The skill can run local audio conversion commands and create audio files on the machine.
The skill invokes local command-line tools to synthesize and convert audio. This is central to the stated TTS purpose and not suspicious by itself, but it means the agent can run those local tools when the skill is used.
piper --model "$VOICE" --output_file "$OUTPUT_WAV" ... ffmpeg -y -i "$OUTPUT_WAV" ... "$OUTPUT_OGG"
Install Piper and ffmpeg only from trusted sources, and use the skill only for text you are comfortable converting to audio.
If BOT_TOKEN and CHAT_ID are set, the skill can send messages as that Telegram bot to the configured chat.

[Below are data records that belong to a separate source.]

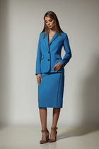 Костюм женский из кулирного полотна состоит из футболки и брюк. Футболка - прямой силуэт, горловина круглая, рукав короткий, втачной, низ изделия обработан на плоскошовной машине, на полочке принт. Брюки прямые, верх на поясе с резинкой, в боковых швах внутренние карманы, низ изделия на манжете.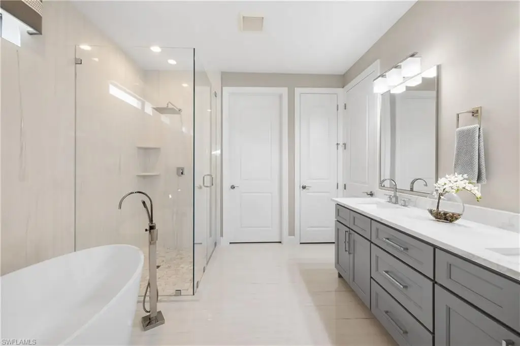 A true showpiece of modern luxury, this one of a kind Pinnacle model in Greyhawk has been reimagined through more than $400,000 in high end designer renovations, creating a residence that is as sophisticated as it is effortlessly livable. Every inch of the home has been thoughtfully curated with top tier materials, refined craftsmanship, and timeless design. The all-new custom kitchen serves as the heart of the home, showcasing Thermador appliances, 48" shaker cabinetry, dual pantries with pullout inserts, quartz countertops and backsplash, a waterfall island, and a Galley sink and faucet system, a chef's dream. The great room impresses with a stacked stone feature wall, custom built-ins and LED lit floating shelving, all opening through zero corner impact sliders to a breathtaking outdoor oasis. The expansive lanai features travertine flooring, a full outdoor kitchen, StormSmart hurricane screens, and a heated saltwater pool with LED fountain lighting, all overlooking tranquil sunset water and golf views. Inside, elegant details abound including custom wood accents, coffered ceilings, designer lighting, remote controlled window treatments, and upgraded finishes throughout. The primary suite offers a California Closets system with integrated lighting and a fully renovated spa bath clad in Italian Bianco Dolomite porcelain tile with quartz countertops, a freestanding soaking tub, and a seamless glass shower. Each bathroom and the laundry room have been upgraded with quartz surfaces, upgraded fixtures, and modern tilework. Additional upgrades include a whole house Generac generator, air and water filtration systems, new impact glass windows and doors, Nest smart thermostats, and a comprehensive ADT security system with outdoor cameras. The extended four foot garage is finished with epoxy floors, quartz topped cabinetry, and insulated doors with attic ventilation. Perfectly positioned on one of the community's most private lots with no homes in front or behind, this property offers unmatched serenity and style. Greyhawk residents enjoy resort-style amenities including a lagoon pool and spa, tennis and pickleball courts, fitness center, full-service restaurant and bar, and a social golf membership to The Golf Club of the Everglades. This home is a masterclass in design and craftsmanship, one of the finest offerings ever presented in Greyhawk.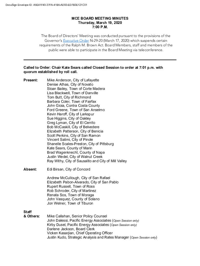 DocuSign Envelope ID: A5E41F4037FA41B5AD93ED7B3E121C01MCE BOARD MEETING MINUTES Thursday, March 19, 2020 7:00 P.M. The Board of Directors Meeting was conducted pursuant to the provisions of the Governors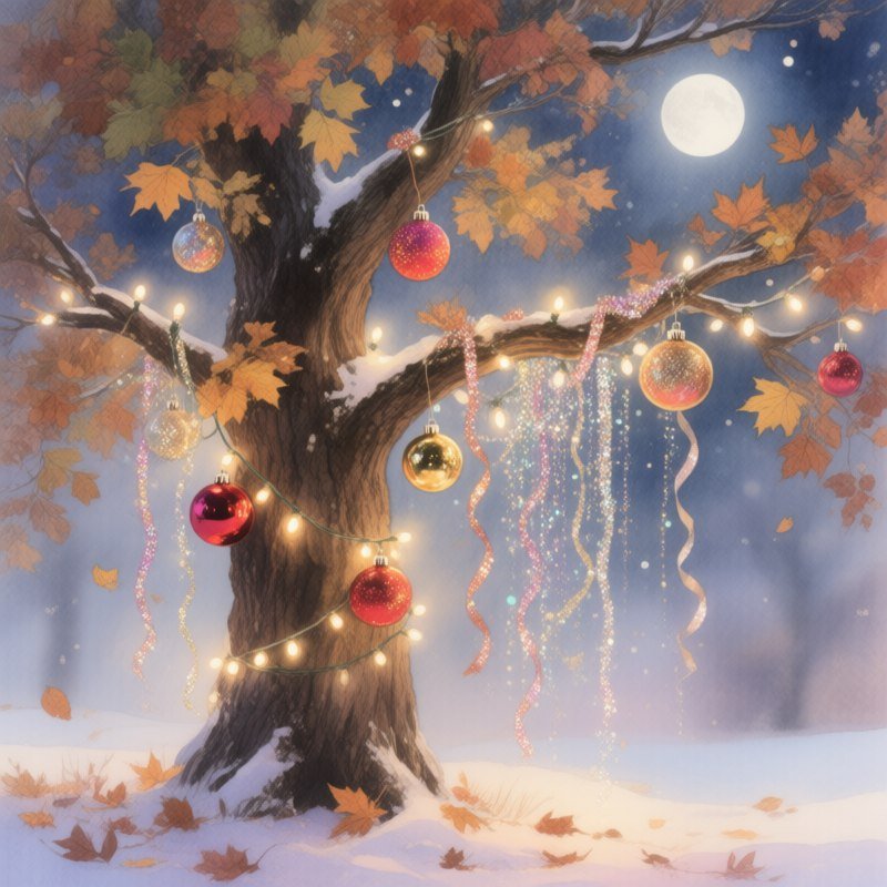 Render in a delicate watercolor style with soft pastel tones, an ancient oak tree adorned with lush autumn foliage. Its branches are entangled not only with brilliant Christmas baubles but also twinkling fairy lights that cast a gentle yet mesmerizing illumination throughout the night. Wisps of glittering tinsel cascade downwards, adding an extra layer of festivity as they catch the dazzle of both moonlight and electric bulbs alike. Amidst the rustling leaves and glowing ornaments, these strands of tinsel dance gracefully, enhancing the ethereal charm of the composition. Against a subtly blurred backdrop, the entire scene comes alive with war...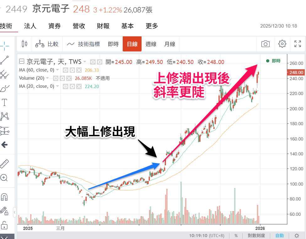 如果只是短期的拉貨、一次性的轉單、或是某個季度的景氣回溫,那上修可能一次就結束,像這種短期因素很難帶來大波段漲幅。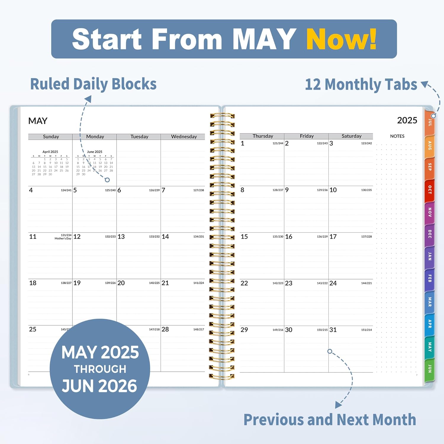 - 2025-2026 Professional Planner: Cover from July 2025 to June 2026, Features 12 months of weekly and monthly pages, 2 additional monthly pages (May 2025 - June 2025) are included for all your planning and scheduling needs, with Lay-flat capability and measures 8.5" x 11".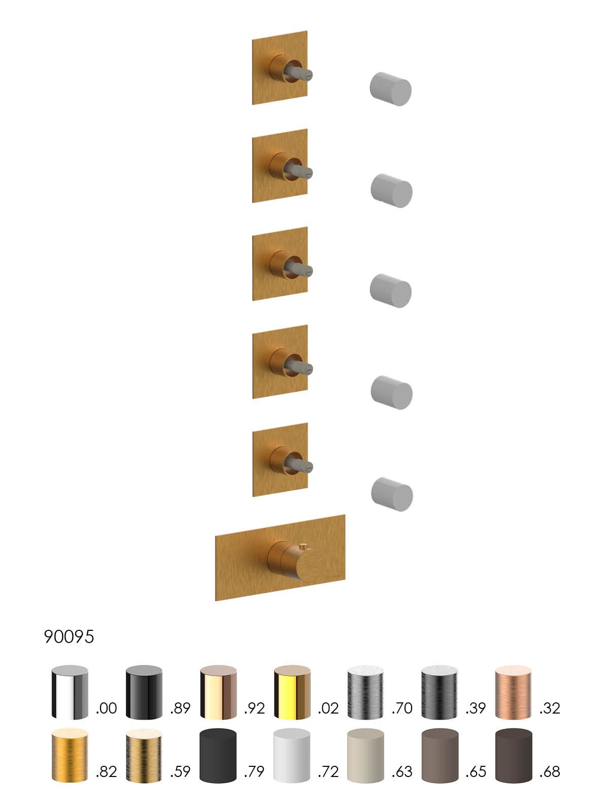 Solo parte exterior distribuidor termostático ducha 5 vías empot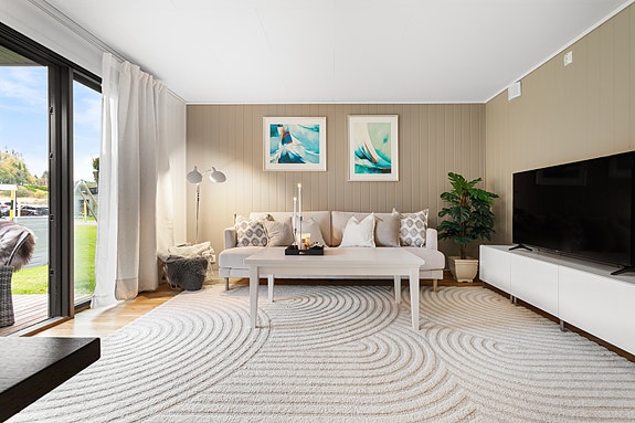 • Lys stue med åpen kjøkkenløsning og utgang til terrasse.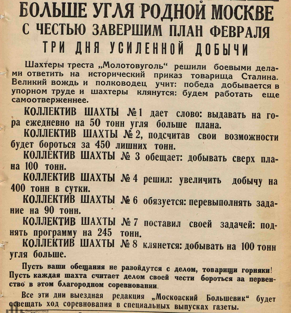 «Больше угля родной Москве». «Московский большевик» № 78 за 1945 год
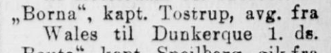 Da vi komtil Birkeland den 10/7-1919 var Kapt Karl J. Karlsen der. Karlsen som da førte D/S"Borna" var kommet til Sauda med kul fra Barry Dock. D/S "Borna" tilhørte Rederiet Odfjell. Den var bygget i Goole i 1903 og var paa 1475 ton D.W. Lasten var den første Kullast som kom til Elektrik Furnace Produxce Company.
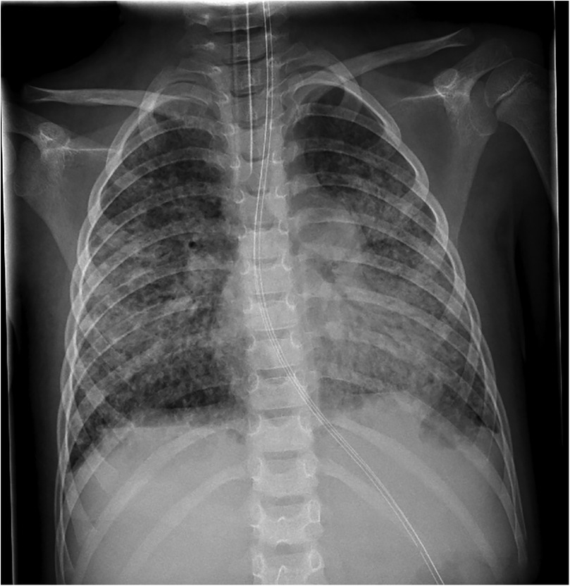 On admission, he showed extensive cutaneous SJS involvement (see Figure 1) and severe respiratory insufficiency [pH 7.29, PaO2 73 mmHg, PaCO2 51 mmHg, FiO2 1.0, positive end-expiratory pressure (PEEP) 15 mbar, peak inspiratory pressure (PIP) 50 mbar]. The calculated oxygenation index was 68, consistent with severe ARDS and meeting ECMO criteria. Chest x-ray demonstrated bilateral diffuse opacification (Figure 2). According to established severity assessment systems, the patient met high-risk thresholds by both the pediatric risk of mortality (PRISM) and pediatric logistic organ dysfunction (PELOD) criteria, reflecting multiorgan stress but preserved cardiac function. Broad microbiological and virological testing yielded negative results, and genetic as well as immunological work-up was unremarkable.

The script uses a Telegram bot token and chat ID if present. That is expected for sending Telegram audio, but the registry metadata lists no required env vars or primary credential.
if [[ -n "${BOT_TOKEN:-}" && -n "${CHAT_ID:-}" ]]; then
curl -s -X POST "https://api.telegram.org/bot${BOT_TOKEN}/sendVoice"Use a bot token with only the permissions you need, keep it private, and confirm the CHAT_ID points to the intended chat.
Response text may be transmitted to Telegram as audio and partially as a caption when voice mode is enabled.
The generated audio file and a short caption derived from the response text are uploaded to Telegram. This matches the skill description, but it is an external data flow users should understand.
-F "voice=@${OUTPUT_OGG}" \
-F "caption=${TEXT:0:100}..."Avoid enabling voice replies for sensitive conversations unless you are comfortable sending that content through Telegram.
The first use may fetch an external voice model dependency.
The skill relies on Piper voice models that are downloaded automatically on first use. This is normal for TTS tooling, but the artifact does not specify the model source or pin a model version.
Los modelos de voz se descargan automáticamente al primer uso (unos 50 MB).
Use trusted Piper model sources and consider pinning or preinstalling the intended voice model in controlled environments.